ORICON STYLE

2008年07月23日
心に残るラブソングを作り続けて

 7月17日に10回目のデビュー記念日を迎えたaiko。最新アルバム『秘密』(4/2発売)もそうだが、ここにきてaikoの作品の“せつなさ度”がどんどん高くなっている気がする・・・。彼女の想いの強さ、恋愛への向き合いかたなどに共感、共鳴するファンは多い。結果として10年間、特に同性から支持をされ、多くの人の耳にも心にも残るラブソングを届け続けている、その“生産力”に敬意を表したい。10年間常にシングルもアルバムもランキングの上位に作品を送り込み、ライブもいつも満杯、そんなアーティストは本当にひと握りだ。しかも女性シンガー・ソングライターとなると、aikoはまさに特別な存在だと思う。

 そんな“せつなさの伝道師”から24枚目のシングル、24作目のラブソング「KissHug」が届いた。イントロのピアノのフレーズからもうせつない。そして最初の<友達だなんて一度も思った事はなかった>というフレーズで早くもココロをわしづかみにされてしまう。年を重ねていっても一緒に歩んでいくあなたのことがせつない・・・そんな“二人”の世界を描いた詞と、ドラマチックに展開していく温もりのあるサウンドとが相まって、切なくも心地イイaikoワールドを作りだしている。曲中、何度も出てくる“You Love”という言葉は、繰り返すことで“ゆらゆら”と聴こえ、これがいいスパイスになっている。もちろん“ゆらゆら”でも雰囲気、世界観は変わらないところはさすがだ。“You Love”と問いかけ、最後は“I Love”と結んでいる。心の風景が映像になって浮かんでくる。
 「KissHug」・・・aiko初となる英語タイトルだが、本当に2人のシアワセな風景が浮かんでくるピッタリのタイトルだ。

聴くたびに深く心にしみこんでいく

 また、この「KissHug」は、現在大ヒット公開中の話題の映画『花より男子ファイナル』の挿入歌にもなっており、主人公・牧野つくし(井上真央)が、道明寺司(松本潤)への気持ちに想い悩む、映画を観ている女性も男性も一番感情移入できるシーンで、この曲が流れてくる。つくしの背中をソッと、やさしく押してあげているような・・・aikoのまっすぐな想いと、つくしの想いとが重なる瞬間だ。このシーンで涙を流す女性が多いという。曲が映像をよりドラマチックにし、映像が曲によりせつなさをプラスさせている。
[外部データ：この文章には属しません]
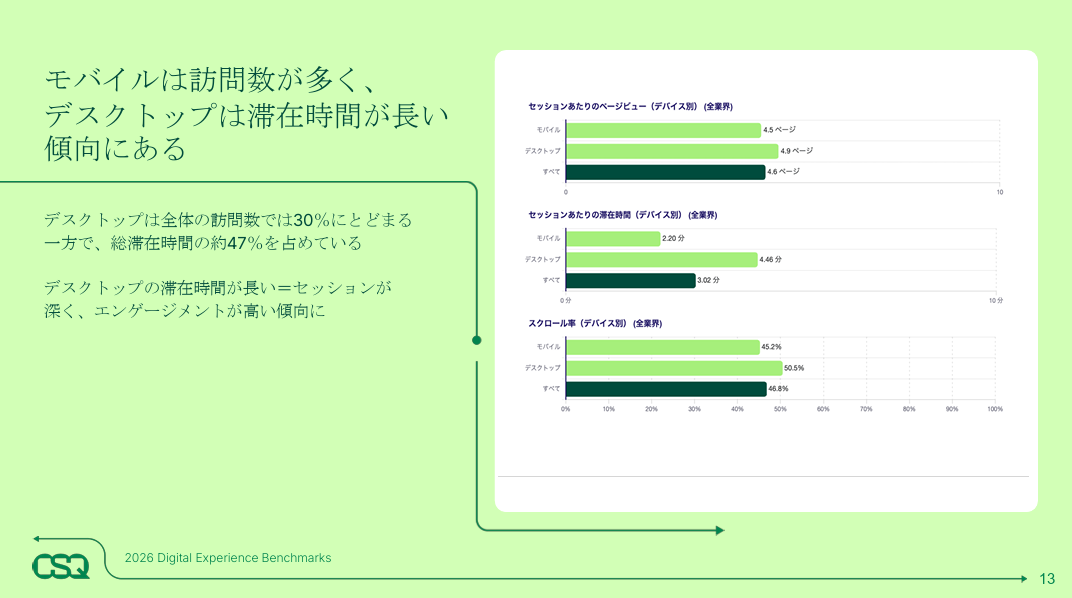 サイトへの訪問者を端末別でみていくと、モバイルは経由では訪問数が多めであるものの、ページをみている時間が短いという特徴があった。その一方、デスクトップは訪問数は全体の30%にとどまりそこまで多くは無いものの、サイトの滞在時間が長く、エンゲージメントが高い傾向となっていた。このことから、スマホからは集客向き、PCは検討向きといえるだろう。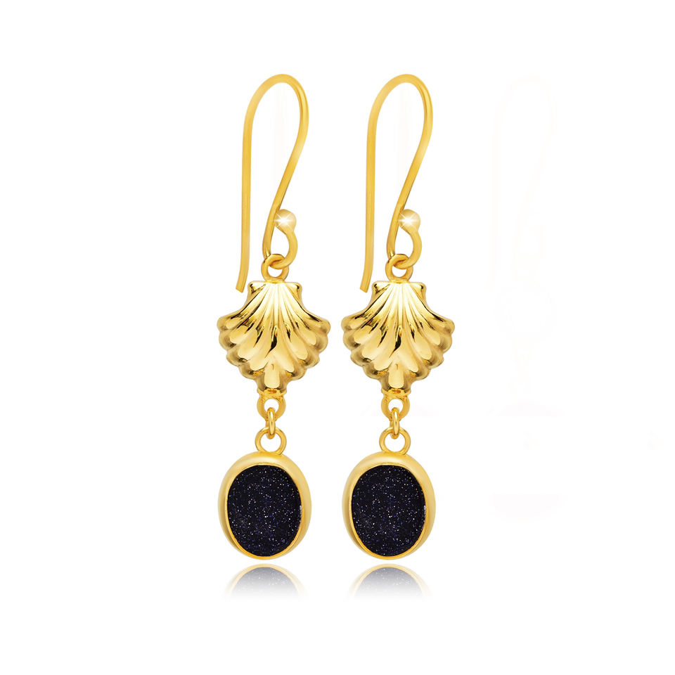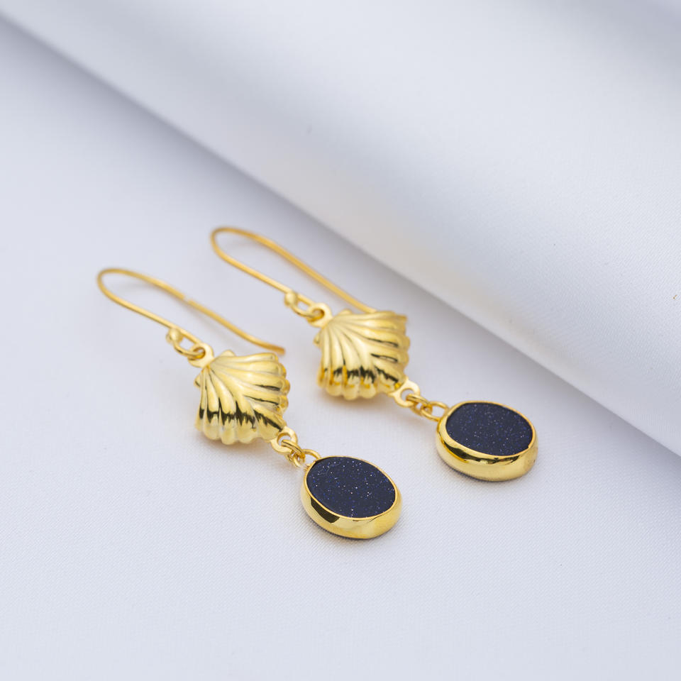 ต่างหูเงินแบบทำมือดีไซน์รูปเปลือกหอยสีดำเงางามดีไซน์สวยหรูต่างหูเงิน925

 この「KissHug」、聴くたびに心に深く深くしみこみ、“何か”を残してくれる、個人的にはaiko史上に残る名曲だと思う。

 カップリングの「線香花火」は夏の終わりの情景を描き、「線香花火」という言葉に女のコの儚くて、せつない気持ちを投影させた世界観は見事。もう1曲「水とシャンパン」はミディアムテンポだがせつなさ満点。「KissHug」同様<悩みの種だ あなたの事が>という最初の1行でやられてしまう。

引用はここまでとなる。